■ TASK OBJECTIVE ■
Beginning at the line containing "登山遠(yuǎn)眺,長(z", give again every line through the end of the data, unchanged and with both ends included. Drop any pictures.

———

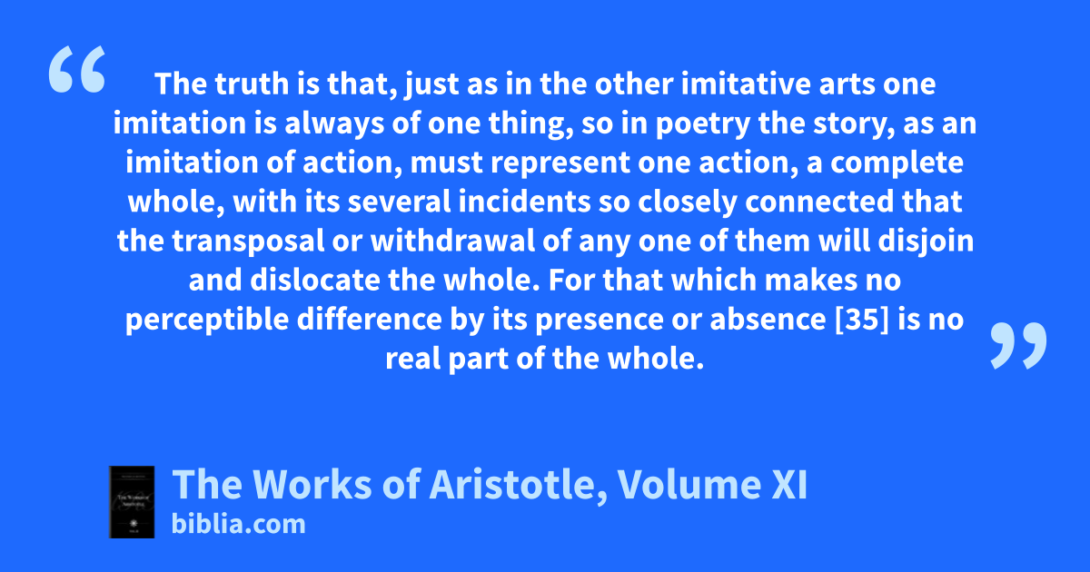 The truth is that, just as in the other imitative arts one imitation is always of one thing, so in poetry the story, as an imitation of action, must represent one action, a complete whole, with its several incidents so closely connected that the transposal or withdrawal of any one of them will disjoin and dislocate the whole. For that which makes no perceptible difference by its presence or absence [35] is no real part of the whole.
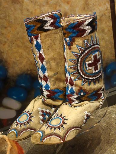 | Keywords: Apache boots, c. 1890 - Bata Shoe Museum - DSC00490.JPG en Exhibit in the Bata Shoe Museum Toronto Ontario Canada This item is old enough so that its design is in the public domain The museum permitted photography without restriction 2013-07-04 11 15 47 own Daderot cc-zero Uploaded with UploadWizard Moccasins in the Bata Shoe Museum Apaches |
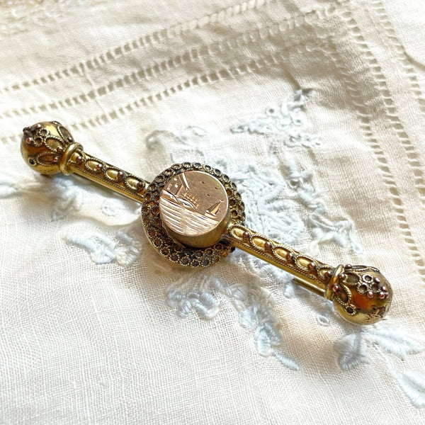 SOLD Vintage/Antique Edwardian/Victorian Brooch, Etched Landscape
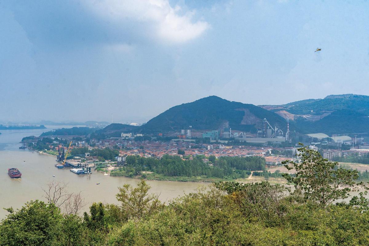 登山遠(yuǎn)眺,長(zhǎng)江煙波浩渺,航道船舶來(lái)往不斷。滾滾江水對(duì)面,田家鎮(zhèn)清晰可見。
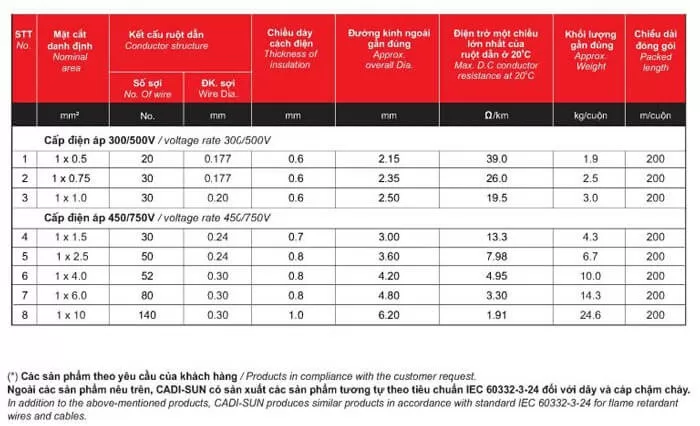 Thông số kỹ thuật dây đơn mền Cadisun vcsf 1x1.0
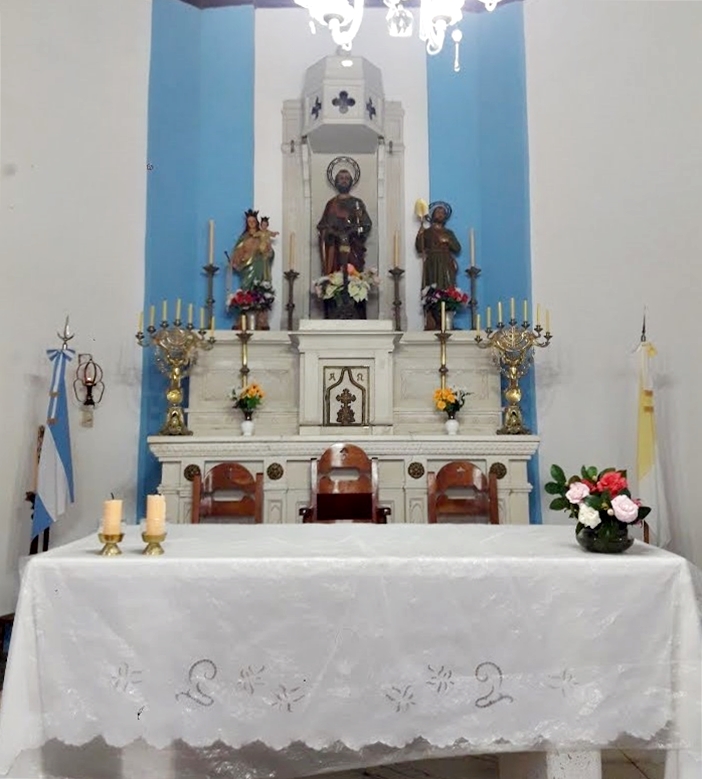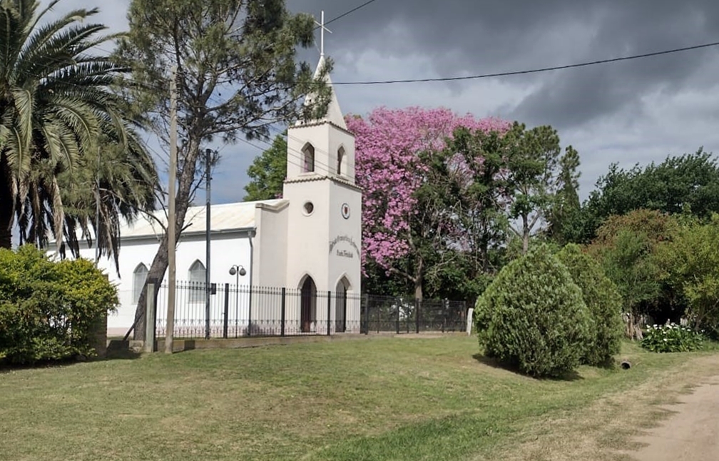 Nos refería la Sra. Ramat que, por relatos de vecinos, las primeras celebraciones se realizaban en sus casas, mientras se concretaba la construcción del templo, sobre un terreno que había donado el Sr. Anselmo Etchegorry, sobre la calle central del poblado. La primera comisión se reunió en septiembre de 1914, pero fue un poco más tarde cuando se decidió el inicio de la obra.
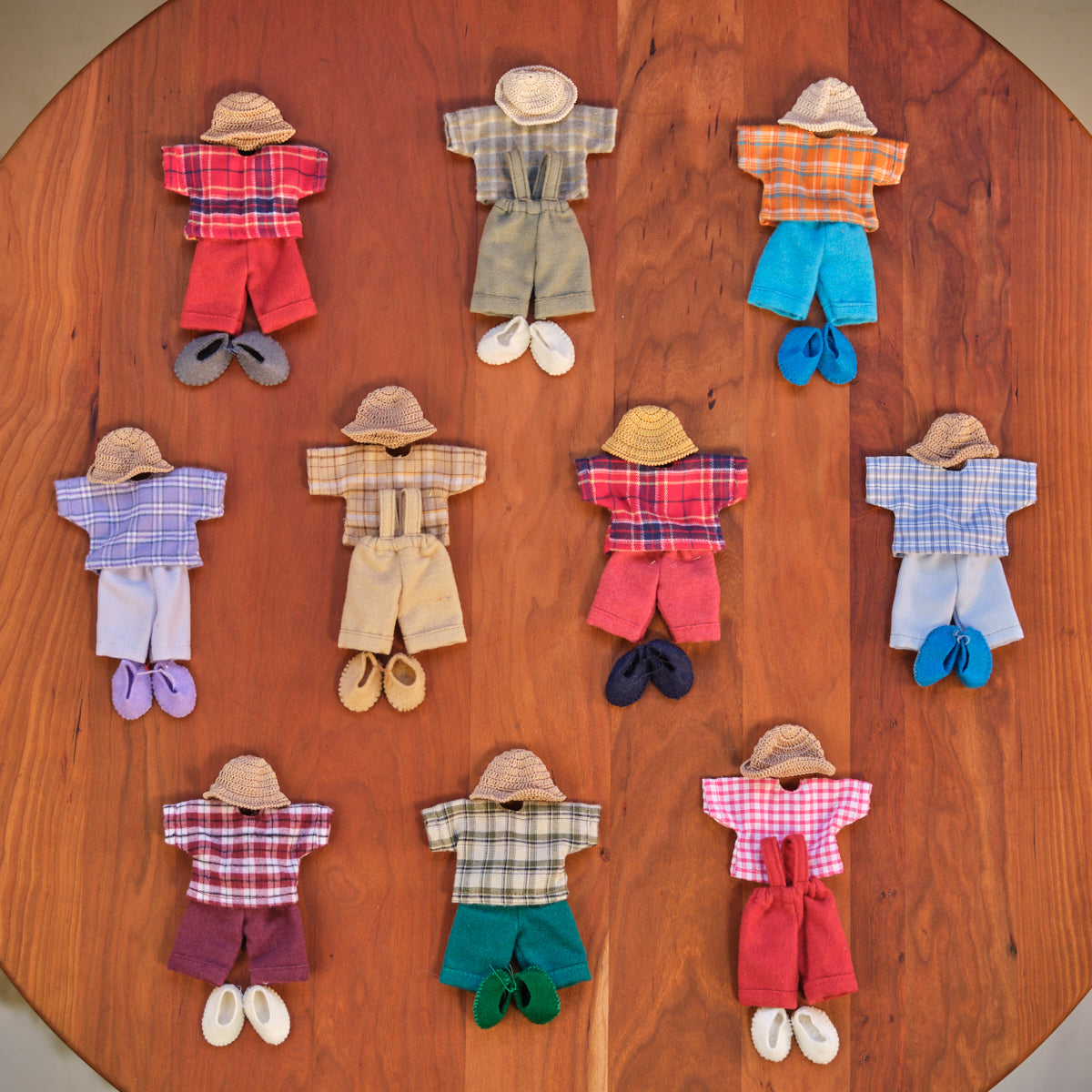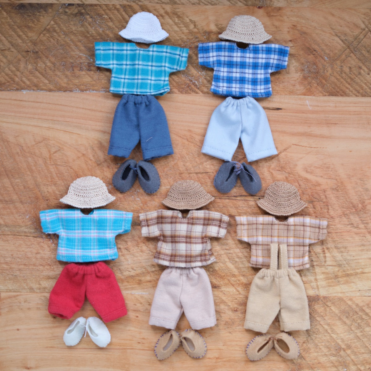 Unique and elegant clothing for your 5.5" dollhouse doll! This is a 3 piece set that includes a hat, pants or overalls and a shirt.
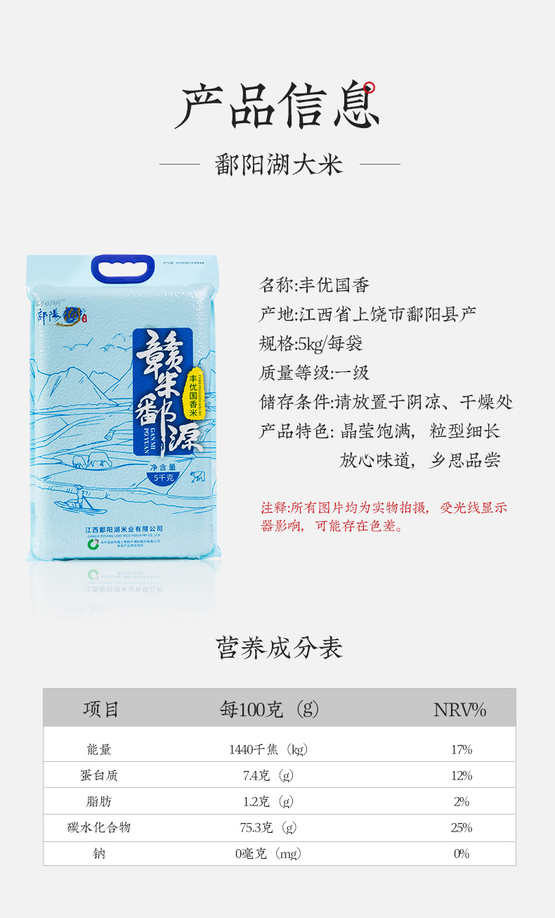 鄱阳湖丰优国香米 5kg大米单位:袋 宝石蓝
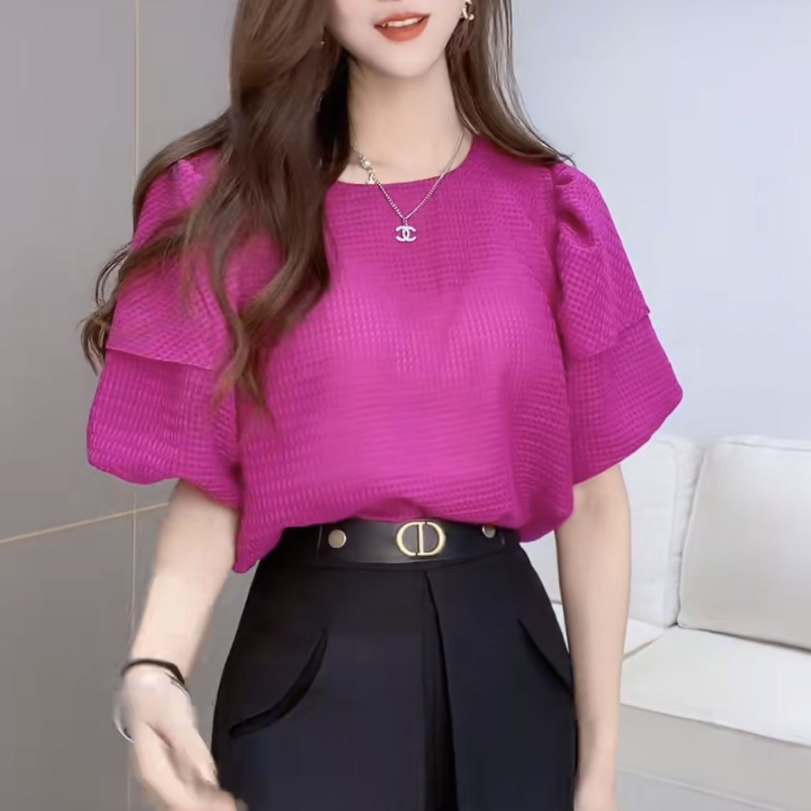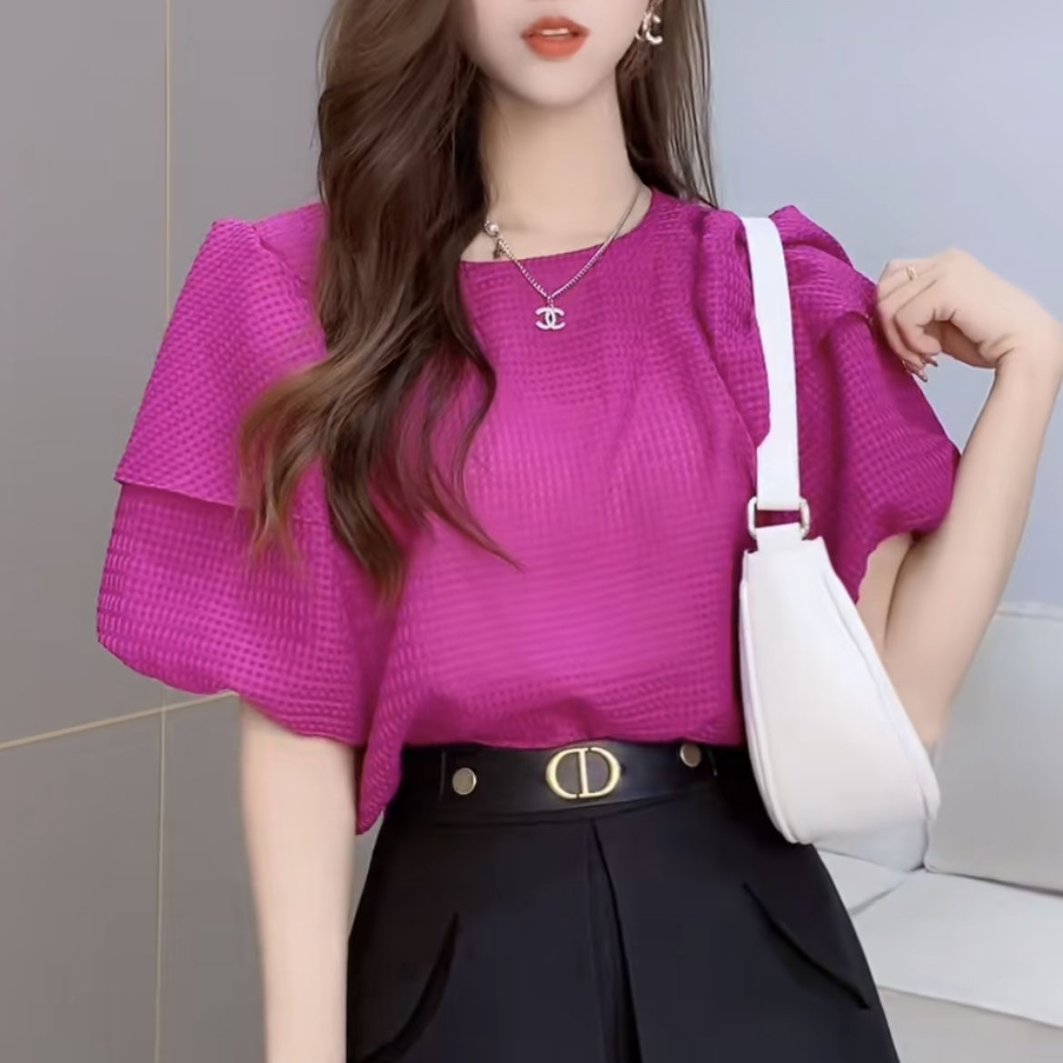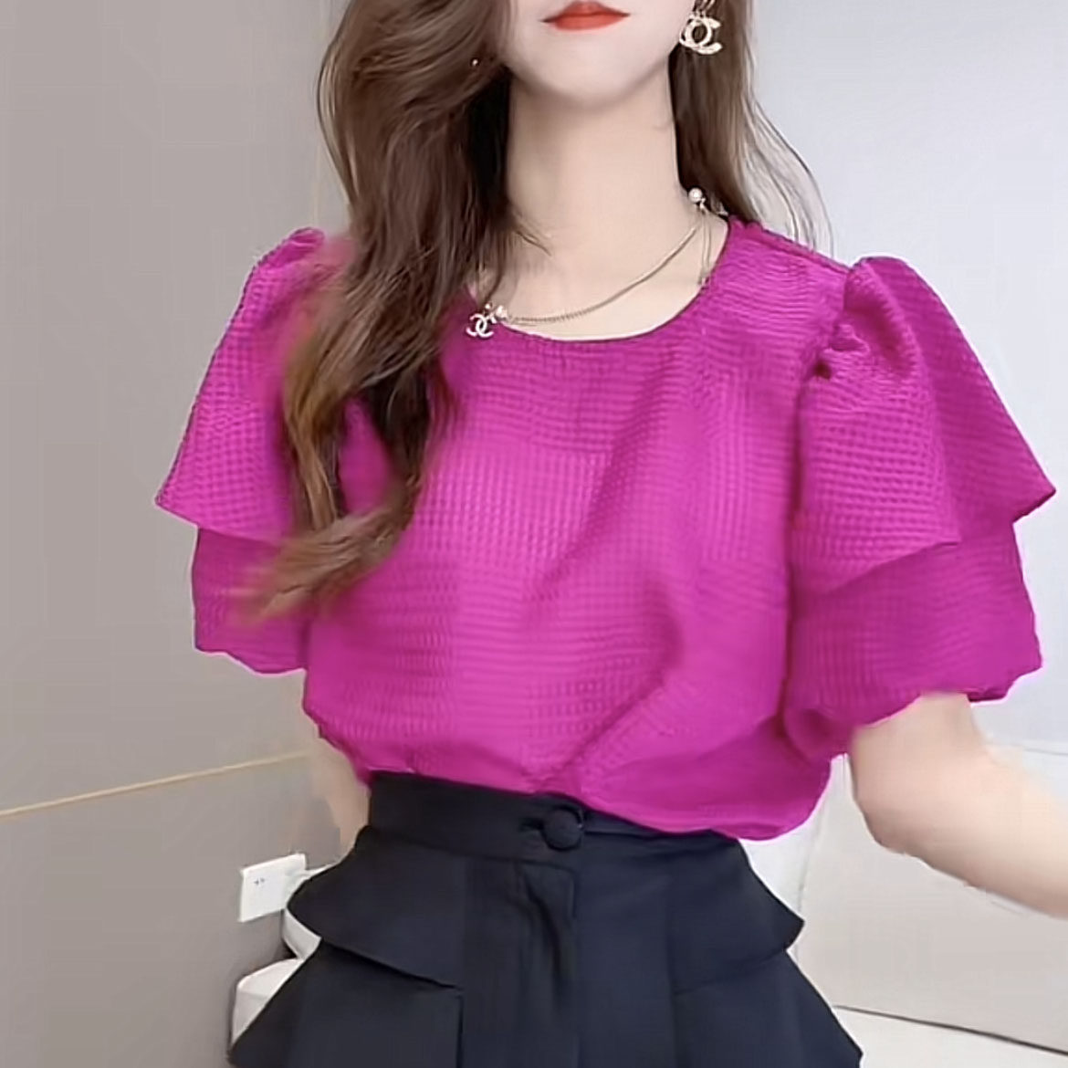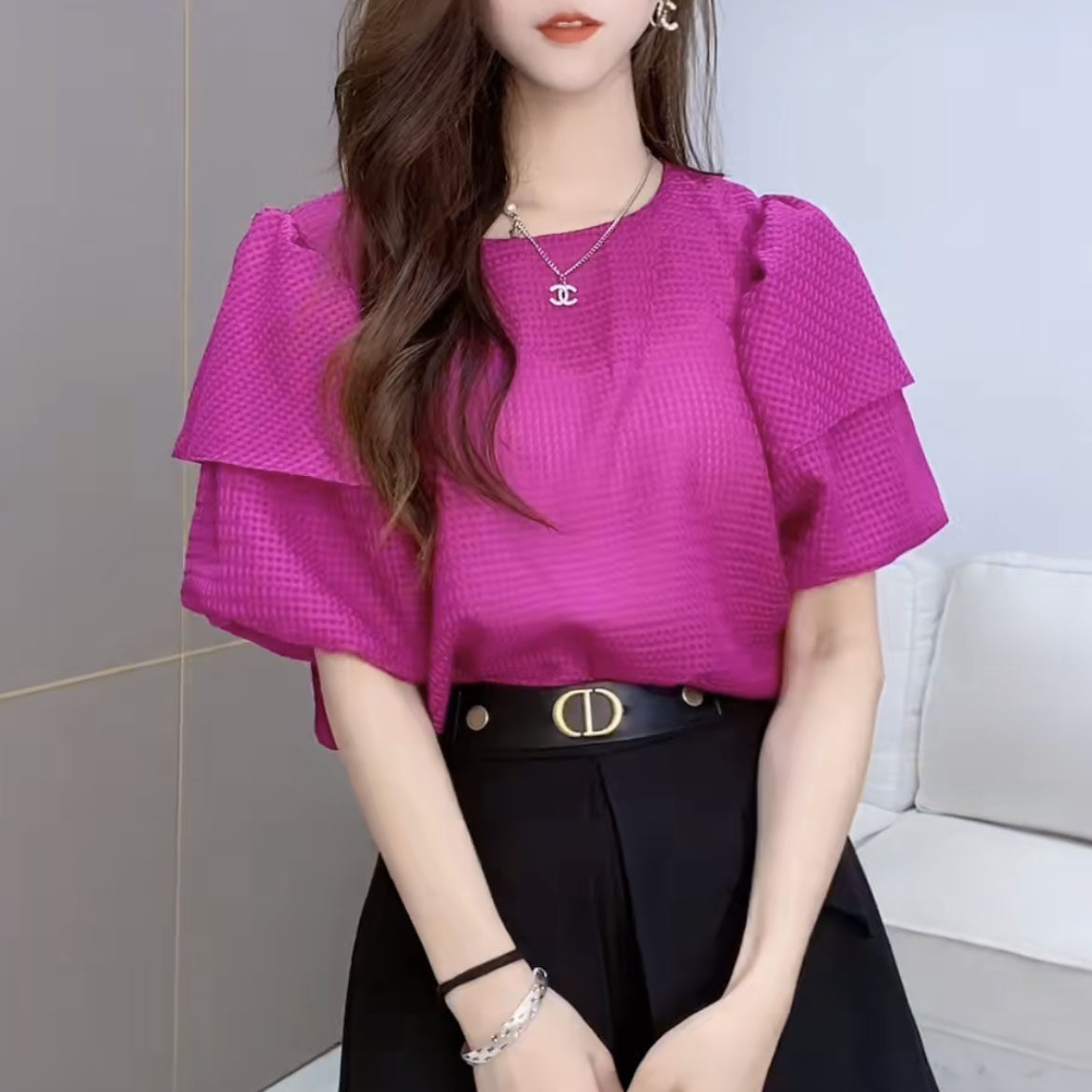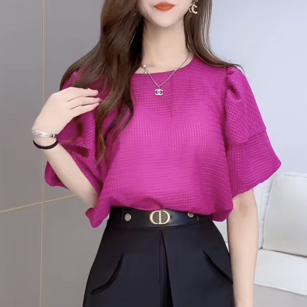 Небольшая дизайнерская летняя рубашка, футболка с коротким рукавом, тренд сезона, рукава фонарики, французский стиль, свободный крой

———

■ ANSWER BELOW ■
 登山遠(yuǎn)眺,長(zhǎng)江煙波浩渺,航道船舶來(lái)往不斷。滾滾江水對(duì)面,田家鎮(zhèn)清晰可見。
 Thông số kỹ thuật dây đơn mền Cadisun vcsf 1x1.0
 Nos refería la Sra. Ramat que, por relatos de vecinos, las primeras celebraciones se realizaban en sus casas, mientras se concretaba la construcción del templo, sobre un terreno que había donado el Sr. Anselmo Etchegorry, sobre la calle central del poblado. La primera comisión se reunió en septiembre de 1914, pero fue un poco más tarde cuando se decidió el inicio de la obra.
 Unique and elegant clothing for your 5.5" dollhouse doll! This is a 3 piece set that includes a hat, pants or overalls and a shirt.
 鄱阳湖丰优国香米 5kg大米单位:袋 宝石蓝
 Небольшая дизайнерская летняя рубашка, футболка с коротким рукавом, тренд сезона, рукава фонарики, французский стиль, свободный крой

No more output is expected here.